Commence the saving of the pennies!

(Similar packages of the scores to The Two Towers and The Return of the King are in the works, but I don't know what their frequency of release will be. If they're a year apart, I will be, shall we say, a bit unhappy.)

:: Want to see a deranged sci-fi fanboy in action? Check out this thread on the FSM boards, where lots of people speak up in favor of the current Battlestar Galactica show while the FSM boards' resident die-hard fan (and I do mean, die-hard) charges once more unto the breach to defend the honor of the nineteen episodes of BSG that ran back in 1978. Believe me, they just don't get any more deranged than Mr. Paddon. (Well, actually, they do: he's not the weirdo Objectivist over there.)

:: Via Atrios I see a spectacularly nauseating op-ed piece written for a college student newspaper that got its writer fired, and with good reason, when you read the tripe. I just note an interesting contrast in one of her opening sentences, versus one of her closing ones:

I want all Arabs to be stripped naked and cavity-searched if they get within 100 yards of an airport.


And:

I have enough confidence in my country’s imperfect but steadfast law enforcement systems to carry out such profiling the way it should be done: in a professional and thorough manner, without going down the slippery slope of pointless and disrespectful encroachment on the livelihood or decorum of everyday Arabs and Arab Americans.


I'm trying to wonder just what this writer's definition of "pointless and disrespectful encroachment on livelihood or decorum" would be. For some reason, I'm envisioning something that might take place in a Quentin Tarantino movie: "Bring out the Gimp!"

Oh, and there's this gem:

I don’t care if they’re being inconvenienced. I don’t care if it seems as though their rights are being violated.


You see, there's the difference between the left and the right: this right-wing girl is making her case about whether it seems as though rights are being violated, while we liberals are concerned about if rights actually are being violated. That's a distinction completely lost on the right these days, it sometimes seems.

(I'm also troubled by the apparent belief that "We can set aside rights for a while, because just as soon as we kill all the terrorists, we can get 'em back again." Because, you know, getting back what's been willingly -- and, seemingly, cheerfully -- given up is just that easy.)

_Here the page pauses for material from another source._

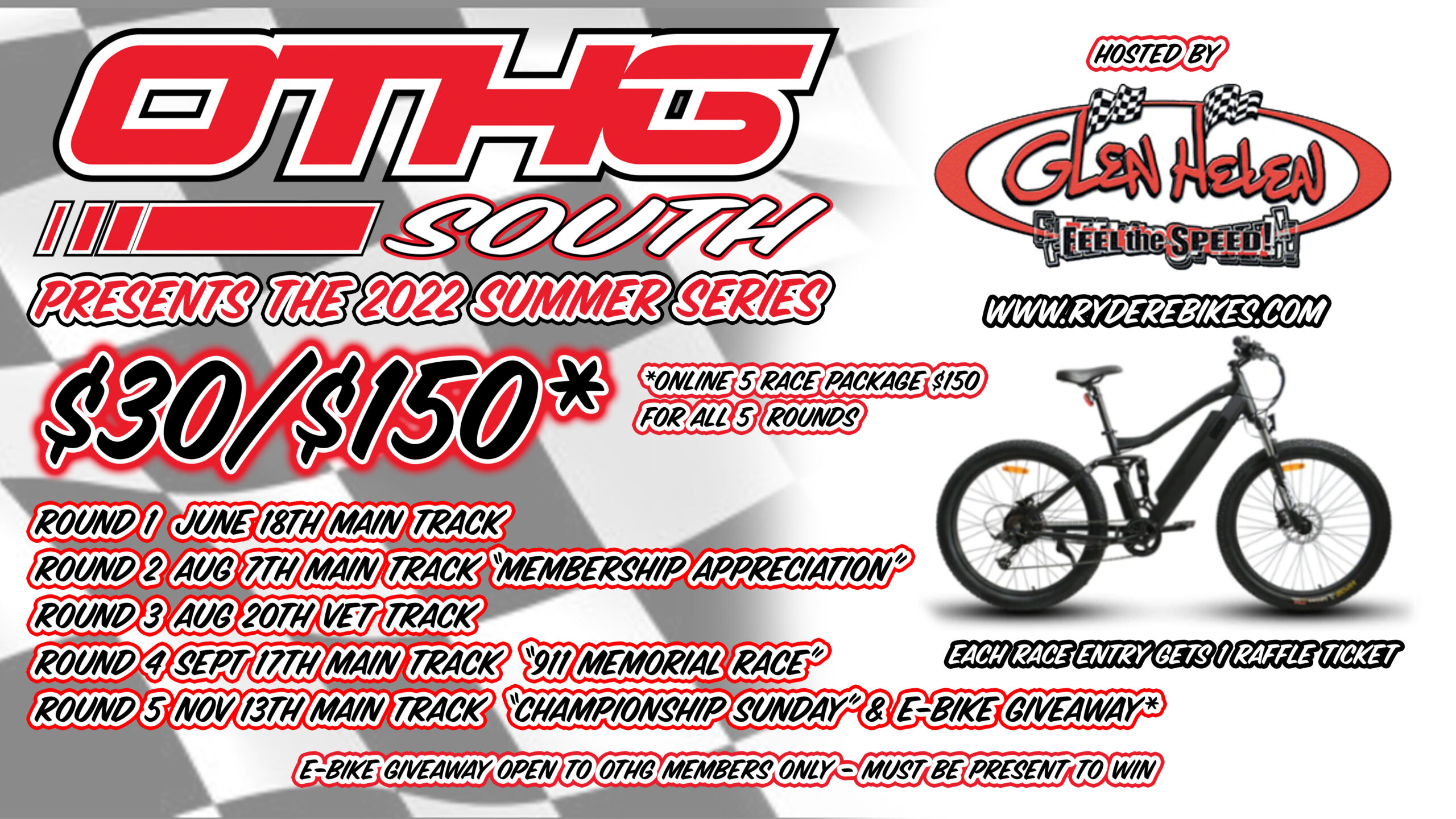 Don’t Forget! Each race entry throughout the Glen Helen Summer Series grants a rider a single raffle ticket for a prize at the last race All tickets will be given out at the last round and go into a pot with one lucky winner walking away with a brand new bike, courtesy of Ryder E Bikes!

:: Longtime readers know that I like funny photographs involving Presidents of the United States in un-Presidential moments, regardless of party. So I think that Bush's note about having a bathroom break is just comedy gold, man. It'd be even funnier if it turned out that the President had consumed four burritos for lunch that day. (This still doesn't beat out Bush falling off the Segway, though, for this current President; and my favorite goofy Presidential photo of all time had President Clinton at some kind of economic summit or something in a tropical country somewhere, and he and all the people there with him had to wear these horrible shirts made of shiny gold fabric that hung down almost to their knees. Clinton looked ridiculous in that get-up.)

:: And finally: welcome aboard, Shakespeare's Sister readers! Feel free to look around a while. I don't blog politics all that much, but lately the Prez has been annoying me more than usual (you know, bungling a major disaster will do that). Mostly, though, I drone on about life in the Buffalo area; the challenges of raising an infant with cerebral palsy; thoughts on classical, film and Celtic music; favorite TV shows; Star Wars; and women whom I find to be far more worthy of fawning media attention than Britney. Check out the "Notable Dispatches" linked in my sidebar, and enjoy -- just don't tell me that I look like an axe murderer, because I don't. Sheesh!